私はルース大使がオバマ大統領の被爆地訪問の予備知識として、日本側の環境、つまり被爆地や被爆者が大統領の来訪を本当に歓迎しているのか否か、原爆投下への謝罪を求める声が強いのか否かを知りたがっており、それを公表されるのは今の段階では困る、と考えていることを知った。私たちは今回の広島訪問の正式発表まで、大使との約束を守ってこの件に触れたことはない。ルース大使に始まり、ケネディ大使に受け継がれた日本側の情報、そしてワシントンの大統領側近による国内の情報が集積され、最後に大統領の決断に至った道程はようやく終末を迎えようとしている。
ただこの時の流れが長すぎた結果、09年から10年にかけてのオバマ大統領による核兵器のない世界への貢献は、その後、急速に力を失い、今は見るべき成果もなく終焉を迎えざるを得ない状況に至っている。オバマ氏個人の意思は不変であったとしても、主として米議会の強い抵抗によって妥協を強いられた結果である面が大きい。その意味で、もしもオバマ氏の被爆地訪問がせめて任期の1期目に実現し、プラハ並みの声明がだされていたとしたら、核廃絶を目指す世界の潮流はもっと希望の持てる勢いとなっていたのではあるまいか。任期の残り約半年の大統領が、いかに核廃絶への決意を示しても、象徴的意味はあるにしても、他の核兵器保有国が政策として真剣に呼応するとは先ず考えにくい。

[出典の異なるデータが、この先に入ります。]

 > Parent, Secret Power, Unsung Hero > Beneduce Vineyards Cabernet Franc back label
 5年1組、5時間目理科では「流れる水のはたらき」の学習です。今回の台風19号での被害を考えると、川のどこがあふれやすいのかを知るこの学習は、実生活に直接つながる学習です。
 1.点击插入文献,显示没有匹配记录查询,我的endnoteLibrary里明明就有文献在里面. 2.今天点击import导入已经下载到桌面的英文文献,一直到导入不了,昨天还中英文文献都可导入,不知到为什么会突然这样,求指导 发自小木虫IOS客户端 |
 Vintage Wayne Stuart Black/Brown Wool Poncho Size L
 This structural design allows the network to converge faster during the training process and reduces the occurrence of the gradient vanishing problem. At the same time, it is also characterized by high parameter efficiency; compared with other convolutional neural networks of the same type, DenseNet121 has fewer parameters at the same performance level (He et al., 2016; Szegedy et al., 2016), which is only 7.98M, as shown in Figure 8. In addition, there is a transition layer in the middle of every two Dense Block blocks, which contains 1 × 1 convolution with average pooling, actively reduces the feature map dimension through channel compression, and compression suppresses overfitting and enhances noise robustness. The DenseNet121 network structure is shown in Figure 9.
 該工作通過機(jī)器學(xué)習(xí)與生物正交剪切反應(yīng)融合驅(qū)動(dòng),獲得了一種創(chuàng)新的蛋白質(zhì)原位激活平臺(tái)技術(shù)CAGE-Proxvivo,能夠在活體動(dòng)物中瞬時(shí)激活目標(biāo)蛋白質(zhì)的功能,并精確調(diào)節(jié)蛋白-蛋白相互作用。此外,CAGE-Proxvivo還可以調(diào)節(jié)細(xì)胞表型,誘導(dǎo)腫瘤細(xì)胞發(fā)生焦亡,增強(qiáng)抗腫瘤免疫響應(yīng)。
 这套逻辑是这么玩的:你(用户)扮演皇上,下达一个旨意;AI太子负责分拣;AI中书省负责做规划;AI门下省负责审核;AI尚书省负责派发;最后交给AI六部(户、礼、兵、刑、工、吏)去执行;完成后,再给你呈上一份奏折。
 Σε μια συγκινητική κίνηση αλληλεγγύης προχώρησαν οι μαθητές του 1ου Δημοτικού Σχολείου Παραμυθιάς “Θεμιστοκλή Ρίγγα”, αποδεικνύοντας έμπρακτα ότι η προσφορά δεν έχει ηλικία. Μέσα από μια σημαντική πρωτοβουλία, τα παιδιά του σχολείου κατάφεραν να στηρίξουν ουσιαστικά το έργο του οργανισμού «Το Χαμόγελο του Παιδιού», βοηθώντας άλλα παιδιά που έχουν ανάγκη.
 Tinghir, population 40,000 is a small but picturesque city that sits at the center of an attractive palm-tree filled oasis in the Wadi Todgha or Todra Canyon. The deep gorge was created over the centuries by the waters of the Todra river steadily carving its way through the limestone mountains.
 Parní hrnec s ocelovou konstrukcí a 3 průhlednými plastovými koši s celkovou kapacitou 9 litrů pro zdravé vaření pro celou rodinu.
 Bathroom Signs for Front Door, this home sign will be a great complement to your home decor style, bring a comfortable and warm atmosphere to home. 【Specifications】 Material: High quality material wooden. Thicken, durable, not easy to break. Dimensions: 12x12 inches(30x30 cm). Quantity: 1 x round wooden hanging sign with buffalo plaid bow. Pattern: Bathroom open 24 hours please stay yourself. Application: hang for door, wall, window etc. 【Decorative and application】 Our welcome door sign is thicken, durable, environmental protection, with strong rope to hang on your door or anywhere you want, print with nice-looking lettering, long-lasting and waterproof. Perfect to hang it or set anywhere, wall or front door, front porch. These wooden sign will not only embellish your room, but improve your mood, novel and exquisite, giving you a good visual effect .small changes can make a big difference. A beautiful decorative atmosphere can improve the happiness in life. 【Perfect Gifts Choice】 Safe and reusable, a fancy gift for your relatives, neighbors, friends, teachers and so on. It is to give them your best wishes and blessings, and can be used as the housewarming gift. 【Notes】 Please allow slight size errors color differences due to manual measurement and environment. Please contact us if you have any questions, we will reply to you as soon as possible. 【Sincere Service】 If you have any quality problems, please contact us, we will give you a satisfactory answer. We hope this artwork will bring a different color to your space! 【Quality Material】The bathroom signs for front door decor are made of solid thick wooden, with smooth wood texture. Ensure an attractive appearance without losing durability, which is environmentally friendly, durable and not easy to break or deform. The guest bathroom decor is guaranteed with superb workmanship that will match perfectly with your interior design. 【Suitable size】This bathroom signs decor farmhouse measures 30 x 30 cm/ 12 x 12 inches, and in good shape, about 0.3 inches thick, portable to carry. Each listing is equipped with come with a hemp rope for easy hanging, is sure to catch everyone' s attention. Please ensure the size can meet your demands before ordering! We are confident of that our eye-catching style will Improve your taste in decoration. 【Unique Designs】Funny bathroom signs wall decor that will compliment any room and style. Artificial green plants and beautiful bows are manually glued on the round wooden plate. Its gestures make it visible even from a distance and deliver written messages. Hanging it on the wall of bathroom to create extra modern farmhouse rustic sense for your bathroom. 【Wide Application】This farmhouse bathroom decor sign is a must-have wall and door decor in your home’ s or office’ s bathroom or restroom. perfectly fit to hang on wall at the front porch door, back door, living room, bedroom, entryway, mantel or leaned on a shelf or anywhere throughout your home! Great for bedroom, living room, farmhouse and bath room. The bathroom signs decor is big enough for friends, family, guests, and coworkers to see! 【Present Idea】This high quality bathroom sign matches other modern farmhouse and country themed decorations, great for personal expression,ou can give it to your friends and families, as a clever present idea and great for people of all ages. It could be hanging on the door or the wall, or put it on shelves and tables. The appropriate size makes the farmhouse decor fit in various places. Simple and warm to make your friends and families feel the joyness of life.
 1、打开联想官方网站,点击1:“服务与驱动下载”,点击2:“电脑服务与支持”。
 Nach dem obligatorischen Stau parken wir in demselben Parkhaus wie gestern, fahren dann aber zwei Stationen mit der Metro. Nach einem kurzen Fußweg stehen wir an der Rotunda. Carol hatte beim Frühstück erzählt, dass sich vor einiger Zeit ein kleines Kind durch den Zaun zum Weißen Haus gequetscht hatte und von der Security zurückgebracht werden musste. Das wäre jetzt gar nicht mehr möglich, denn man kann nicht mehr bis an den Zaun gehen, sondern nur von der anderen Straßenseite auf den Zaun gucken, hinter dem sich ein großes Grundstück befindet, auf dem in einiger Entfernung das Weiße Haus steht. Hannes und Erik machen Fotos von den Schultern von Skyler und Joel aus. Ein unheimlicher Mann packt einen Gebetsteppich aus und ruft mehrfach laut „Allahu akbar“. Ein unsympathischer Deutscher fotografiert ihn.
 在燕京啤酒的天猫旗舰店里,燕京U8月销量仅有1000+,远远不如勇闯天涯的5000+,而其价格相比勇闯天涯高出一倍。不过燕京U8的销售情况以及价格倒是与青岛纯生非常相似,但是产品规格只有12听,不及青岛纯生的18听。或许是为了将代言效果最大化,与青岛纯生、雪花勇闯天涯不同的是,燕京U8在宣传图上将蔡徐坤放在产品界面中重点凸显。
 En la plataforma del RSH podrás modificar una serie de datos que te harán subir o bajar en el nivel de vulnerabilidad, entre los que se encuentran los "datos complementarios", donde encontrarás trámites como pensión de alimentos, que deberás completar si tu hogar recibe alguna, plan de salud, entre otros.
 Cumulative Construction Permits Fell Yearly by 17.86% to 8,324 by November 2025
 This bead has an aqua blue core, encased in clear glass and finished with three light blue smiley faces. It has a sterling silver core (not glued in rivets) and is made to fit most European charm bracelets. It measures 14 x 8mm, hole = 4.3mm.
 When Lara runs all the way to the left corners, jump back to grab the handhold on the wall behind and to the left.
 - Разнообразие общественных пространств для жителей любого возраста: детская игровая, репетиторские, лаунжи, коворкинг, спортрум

もう一つ気がかりな点がある。安倍晋三首相が大統領の広島行きに同行することだ。そのために日米両政府の擦り合わせの中からであろう、大統領の短い声明は「未来志向」的なものであり、被爆者に限らず戦争によって命を失った全ての犠牲者に対する「追悼」の意が盛り込まれるようだ、との報道がしきりである。偶然の一致かも知れないが、「未来志向」、「犠牲者への追悼」といった言葉は、安倍首相が好んで使う表現と同じだ。それも過去の歴史認識を問われての言い逃れや、(現在こそ慎んでいるが)靖国参拝の弁解に用いられるために国民の印象は悪い。
どうかオバマ大統領はそうではなく、今後の米大統領に対して、「核兵器のない世界」の実現に向けて米国が先頭に立ち、核兵器使用国の道義的責任を果たすようぜひ申し送ってほしいものである。